By Santiago Daydí-Tolson
Title: Three Messages and a Warning: Contemporary Mexican Short Stories of the Fantastic
Edited by: Eduardo Jiménez Mayo and Chris N. Brown.
Introduction by Bruce Sterling.
Pubisher House: Small Beer Press
Year: 2012
Anthologies are a good way of introducing to the public authors and trends which would be difficult to know about by reading books of individual writers. Anthologies of translated work are particularly useful for readers who otherwise will have little opportunity to sample the literary developments in a foreign language. By offering a selection of thirty four short stories of the fantastic written by contemporary Mexican authors, mostly unknown to American readers, Three Messages and a Warning serves well the purpose of a clearly defined anthology.
The sample of short stories offered in this book is large enough to give voice to a representative number of Mexican writers who make of the fantastic an inspiration of their story telling. Related to a cosmopolitan trend in Latin American letters, the fantastic, with in some cases examples of science fiction, might seem unrelated to any form of national representation or concerns; but as Bruce Sterling observes at the outset of his introduction, aptly titled “Better Than a Mirror,” this anthology of Mexican writers has very much of a national flavor. The fantastic stories are undeniably Mexican, they clearly talk about Mexican characters and situations, they reflect the quirks and peculiarities of a culturally well defined and complex people.
The issue of Mexican national flavor is brought up by the critic because of its significance for foreign readers, and particularly to Americans, who tends to have a quite clear, and probably over simplistic, understanding of what constitute Mexican culture. The modern fantastic, with its science fiction tendencies does not appear to be a component of the Mexican image. This anthology proves them wrong.
It is quite evident, though, in this selection, that the science fiction component of the fantastic does not have for these Mexican authors the attractiveness of spectacular technology or mind boggling scientific theories of the future characteristic of most science fiction, from Jules Verne to the present. Instead, the detailed nature of the fantastic is left aside in favor of a more suggestive allusion to the extraordinary. What seems to matter to this authors is the emotional, even intellectual experience of the uncanny. In that sense, the “Contemporary Mexican Short Stories of the Fantastic” are quite different from fantastic narratives written in English, across the border.
Thus, to read these stories in translation is to experience a quite different way to tell about the fantastic; it is to experience the Mexican way to understand the function of fantasy in present day literature. The introduction points to the essence of this difference observing that “this book offers what science fiction offers to Mexicans: a fantastic laboratory for identity issues. What could be more Mexican than this concern for matters of identity.

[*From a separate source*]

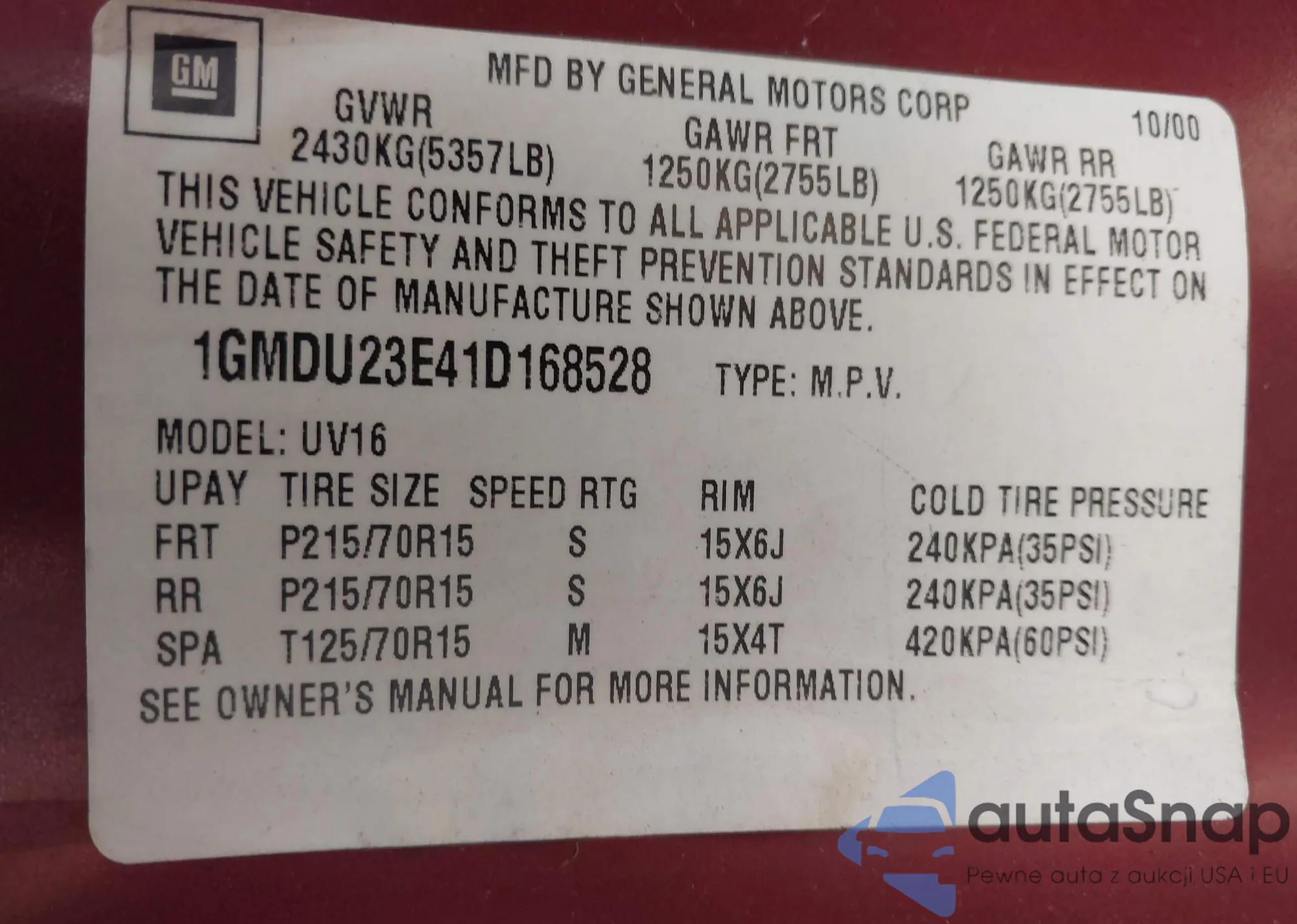 • VIN 1GMDU23E41D168528

Eduardo Jiménez Mayo and Chris N. Brown should be congratulated in having conceived and edited this anthology. With it they brings attention to a literary phenomenon deserving discussion in comparative terms. The fact that each story has been translated by a different translator serves well the variety of stories, each one having a very different voice from the others. Originality and imagination are not lacking in this book of out of the common tales of Contemporary Mexico.